- Saved entries:

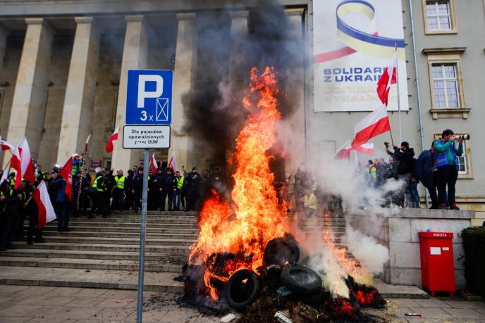 Poljski poljoprivrednici palili su baklje, bacali petarde i gađali jajima kancelariju Evropske komisije u gradu Vroclav na zapadu zemlje, protestujući protiv mera EU u borbi protiv klimatskih promena, rastućih cena i, kako navode, nelojalne konkurencije posebno iz Ukrajine.
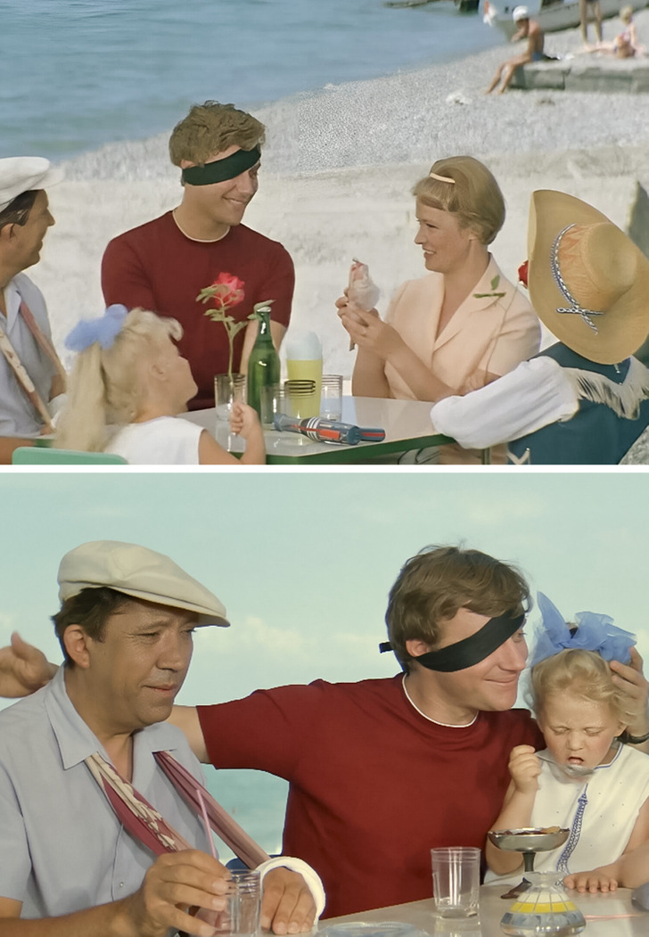 - Обратите внимание: Геннадий передает мороженое в рожке, а буквально через пару дублей мы видим, что дети едят его из специальных вазочек.
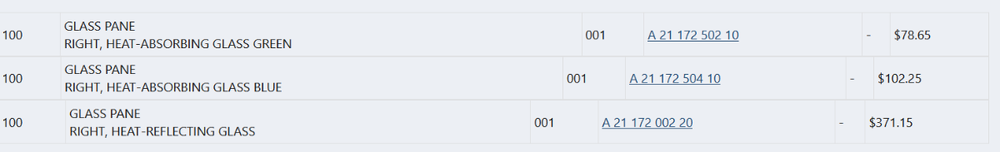 As per the ECP, you may choose from three options for the driver's door window glass: a green one, a blue one, and a reflective one, which corresponds to the first Part# you provided. The same part numbers are shown for a comparable E220/320CDi estate, indicating that the glass from that model will likewise be compatible. This particular one, which has a blue hue, is suitable. This one https://www.ebay.co.uk/itm/176176260376?fits=Car+Make:Mercedes-Benz|Plat_Gen:S211&epid=1916123421&itmmeta=01HV77TG9VDCW3P425ERYGFMSW&hash=item2904ec6518:g:xDoAAOSwHMtloZvV&itmprp=enc:AQAJAAAA8N3NqISuCMTsHNdhWpeF2OGhnGskaBXhG4X0Co7t9RZxR3IIFAFnMIphXfNEMBu6Wge4Ba5Nau+Nr4VNGVUFTKFNgjyl4s7HZH4htgICTu3GVYoZ8feoDwACBIWDeJctsZgajXLeoA/Z6c5jPcwkKA9SST5a2D5DbaOx9EI+S4CAWvsSARrJd1GQmm4oCnCNAnzOUVDSihWJgBslvyAS2lhf54Q4S8vv9Nhv/M8EvgTSlTQjfz+EZyP4k/fw9EeGvFh+2XAJ2LRo7cyvd7833vgIhfubxb3WiVeoED2TsGzS3mjne1+I+958Qhm6zxReeA==|tkp:BFBMhIXq59lj&mkevt=1&mkcid=1&mkrid=710-53481-19255-0&campid=5338181125&toolid=10001&customid=2518X1570512Xe0c270c88f3ea3d1a49f93a165fbd7a5 https://www.ebay.co.uk/itm/166606660985?fits=Car+Make:Mercedes-Benz|Plat_Gen:S211&itmmeta=01HV77TG9VK4B3NE8VTQ2A0BZE&hash=item26ca87e579:g:YZIAAOSwdVpl0722&itmprp=enc:AQAJAAAA4Ovr+3TWFK6Gh/rxAy79m+EeiiGJFX/WTmANwBwydfeXkmRquHmY4x7pGhOq1NKWX5RxSs8m91vQVH1IMWZ5hikI8qta39KyOGACIY7csOUBbRTcgaTGBBql9j7A15D80Tjx1X4lWrq7/YXPwpKtSm9uamVRKhD+zDQxR5/u3Rf4PmTL4av5rPojErlzSSfRS44qjr5pp+lMQRghgRfYhMn3URqkoCVir1KJ3TQbD/YptPZKxyTiB36DCXTuGMP4+qu9+DGXNrnSi8/IbRpFypiRFTZXnBM1e8TFwmqWGsG7|tkp:Bk9SR4aF6ufZYw&mkevt=1&mkcid=1&mkrid=710-53481-19255-0&campid=5338181125&toolid=10001&customid=2518X1570512Xabc00d55a1317ab731ad0fbca0b45df6
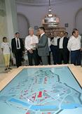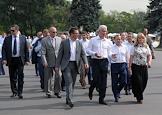 Празднованичные мероприятия, приуроченные 75-летнему юбилею Выставке достижений народного хозейства (ВДНХ). Заместитель мэра Москвы в правительстве Москвы по вопросам жилищно-коммунального хозяйства и благоустройства Петр Бирюков (справа), мэр Москвы Сергей Собянин (третий слева) и генеральный директор ОАО "ВДНХ" Владимир Погребенко (в центре) во время осмотра Центарльного павильона.
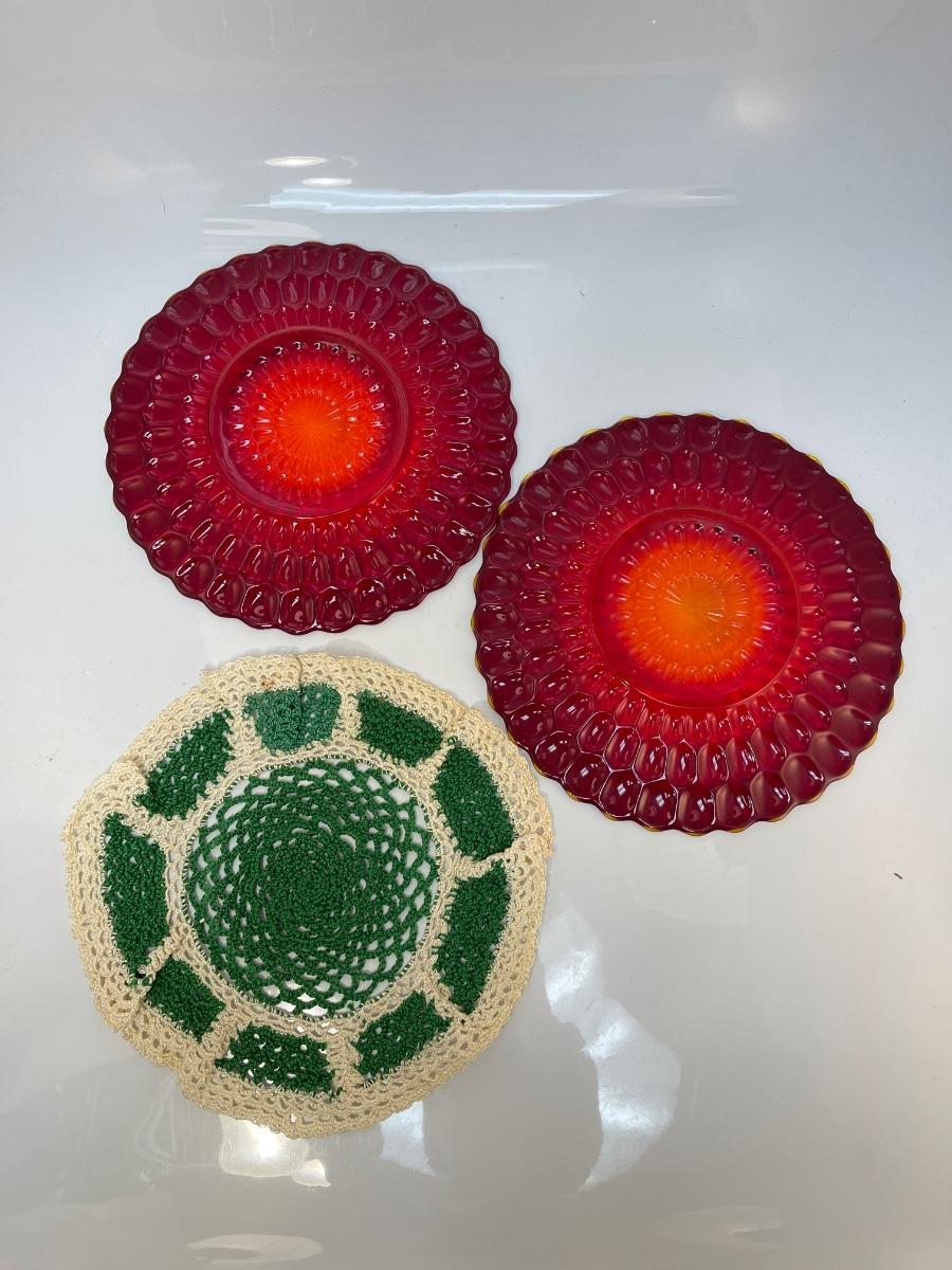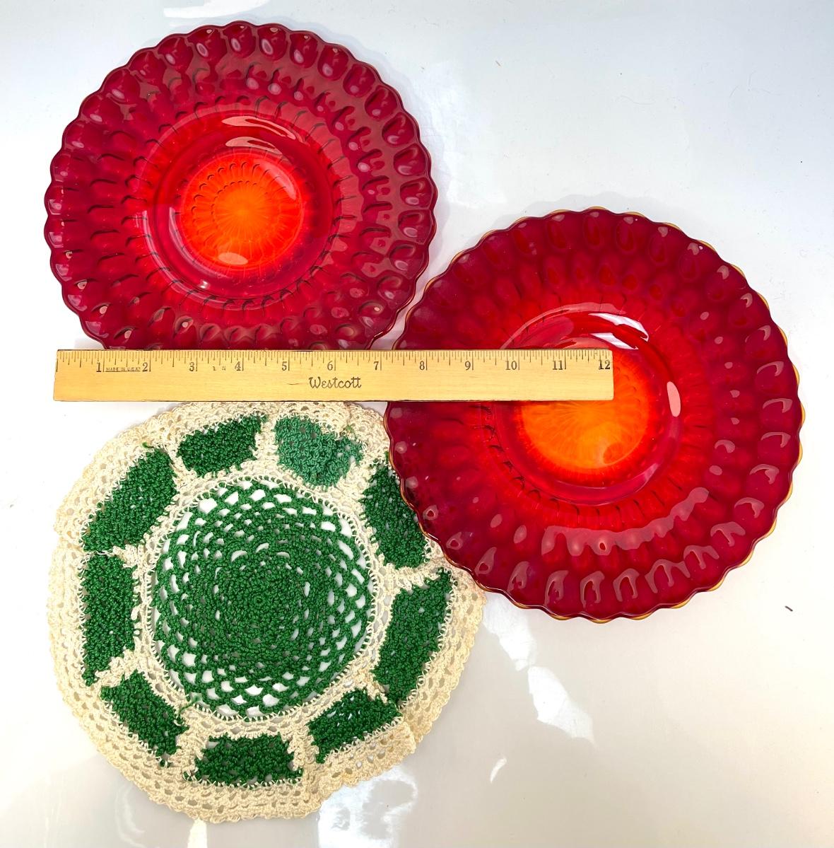 Vintage Ruby Red Thumbprint Fenton Glass Plates with Green & White Doily. In good condition. Thumbprint effect gives a radiating color look to the plates. About 8" size. No chips.

- Exercise instructions: Only the text of the records above is to be reproduced, exactly as given; the pictures are dropped.

- Completed exercise:
 Poljski poljoprivrednici palili su baklje, bacali petarde i gađali jajima kancelariju Evropske komisije u gradu Vroclav na zapadu zemlje, protestujući protiv mera EU u borbi protiv klimatskih promena, rastućih cena i, kako navode, nelojalne konkurencije posebno iz Ukrajine.
 - Обратите внимание: Геннадий передает мороженое в рожке, а буквально через пару дублей мы видим, что дети едят его из специальных вазочек.
 As per the ECP, you may choose from three options for the driver's door window glass: a green one, a blue one, and a reflective one, which corresponds to the first Part# you provided. The same part numbers are shown for a comparable E220/320CDi estate, indicating that the glass from that model will likewise be compatible. This particular one, which has a blue hue, is suitable. This one https://www.ebay.co.uk/itm/176176260376?fits=Car+Make:Mercedes-Benz|Plat_Gen:S211&epid=1916123421&itmmeta=01HV77TG9VDCW3P425ERYGFMSW&hash=item2904ec6518:g:xDoAAOSwHMtloZvV&itmprp=enc:AQAJAAAA8N3NqISuCMTsHNdhWpeF2OGhnGskaBXhG4X0Co7t9RZxR3IIFAFnMIphXfNEMBu6Wge4Ba5Nau+Nr4VNGVUFTKFNgjyl4s7HZH4htgICTu3GVYoZ8feoDwACBIWDeJctsZgajXLeoA/Z6c5jPcwkKA9SST5a2D5DbaOx9EI+S4CAWvsSARrJd1GQmm4oCnCNAnzOUVDSihWJgBslvyAS2lhf54Q4S8vv9Nhv/M8EvgTSlTQjfz+EZyP4k/fw9EeGvFh+2XAJ2LRo7cyvd7833vgIhfubxb3WiVeoED2TsGzS3mjne1+I+958Qhm6zxReeA==|tkp:BFBMhIXq59lj&mkevt=1&mkcid=1&mkrid=710-53481-19255-0&campid=5338181125&toolid=10001&customid=2518X1570512Xe0c270c88f3ea3d1a49f93a165fbd7a5 https://www.ebay.co.uk/itm/166606660985?fits=Car+Make:Mercedes-Benz|Plat_Gen:S211&itmmeta=01HV77TG9VK4B3NE8VTQ2A0BZE&hash=item26ca87e579:g:YZIAAOSwdVpl0722&itmprp=enc:AQAJAAAA4Ovr+3TWFK6Gh/rxAy79m+EeiiGJFX/WTmANwBwydfeXkmRquHmY4x7pGhOq1NKWX5RxSs8m91vQVH1IMWZ5hikI8qta39KyOGACIY7csOUBbRTcgaTGBBql9j7A15D80Tjx1X4lWrq7/YXPwpKtSm9uamVRKhD+zDQxR5/u3Rf4PmTL4av5rPojErlzSSfRS44qjr5pp+lMQRghgRfYhMn3URqkoCVir1KJ3TQbD/YptPZKxyTiB36DCXTuGMP4+qu9+DGXNrnSi8/IbRpFypiRFTZXnBM1e8TFwmqWGsG7|tkp:Bk9SR4aF6ufZYw&mkevt=1&mkcid=1&mkrid=710-53481-19255-0&campid=5338181125&toolid=10001&customid=2518X1570512Xabc00d55a1317ab731ad0fbca0b45df6
 Празднованичные мероприятия, приуроченные 75-летнему юбилею Выставке достижений народного хозейства (ВДНХ). Заместитель мэра Москвы в правительстве Москвы по вопросам жилищно-коммунального хозяйства и благоустройства Петр Бирюков (справа), мэр Москвы Сергей Собянин (третий слева) и генеральный директор ОАО "ВДНХ" Владимир Погребенко (в центре) во время осмотра Центарльного павильона.
 Vintage Ruby Red Thumbprint Fenton Glass Plates with Green & White Doily. In good condition. Thumbprint effect gives a radiating color look to the plates. About 8" size. No chips.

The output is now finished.